Jeremy Corbyn admitted his party had a "mountain to climb" to regain power from the Conservatives, as the left-winger delivered the final speech of Labour's annual conference in Liverpool today (28 September).
The newly re-elected leader also urged Labour to "end the trench warfare", with a warning that Prime Minister Theresa May could call a snap general election in the wake of the EU referendum.
"That's why the central task of the whole Labour party, must be to rebuild trust and support to win the next general election and form the next government," he said.
"That is the government I am determined to lead, to win power to change Britain for the benefit of working people."
He added: "It's true there's an electoral mountain to climb. But if we focus everything on the needs and aspirations of middle and lower income voters, of ordinary families, if we demonstrate we've got a viable alternative to the government's failed economic policies, I'm convinced we can build the electoral support that can beat the Tories."

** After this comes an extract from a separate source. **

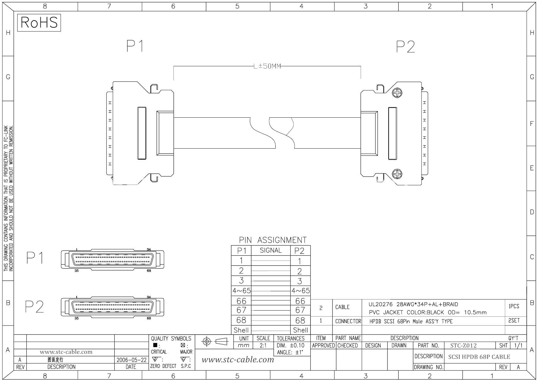 - Connector A: 1*SCSI-3 HPDB 68 Pin Male with a metal shell.

Corbyn enjoyed numerous standing ovations throughout the long addresses, but a small number of delegates walked out of the conference hall when he defended his decision to apologise on behalf of Labour for the Iraq War.
"The consequences of those wars have been the spread of terrorism, sectarianism and violence across an arc of conflict that has displaced millions of people forcing them from their countries," he said.
The leader also unveiled some policies, with a promise to launch a review into self-employment and a pledge to ban UK arms sales to Saudi Arabia if the country is linked to war crimes.
Corbyn also addressed Britain's decision to split from the EU. He said migrants were not to blame for the undercutting of wages and said Labour would not offer "false promises" on immigration, a reference to David Cameron's pledge to cut net migration levels down to "tens of thousands".
"We will tackle the real issues of immigration instead whatever the eventual outcome of the Brexit negotiations and make the changes that are needed," he added.
The point was one of the most controversial parts of Corbyn's speech, with immigration dominating the EU referendum campaign and more than 70% of Labour seats backing a Brexit at the historic ballot.
Yvette Cooper, the head of Labour's refugee task-force, had backed a cut to low-skilled migration just hours earlier.
Elsewhere, Corbyn promised to make "unpatriotic" tax avoidance a "thing of the past", while warning companies will have to pay more tax to help pay for a "National Education Service".
The speech comes weeks ahead of Corbyn's next electoral test as Labour leader, the Witney and West Oxfordshire by-election on 20 October. The Conservatives are expected to retain David Cameron's old seat after the former prime minister secured a majority of more than 25,000 votes at the general election. But Westminster watchers will keep a close eye on Labour's performance after the party secured a second place in May.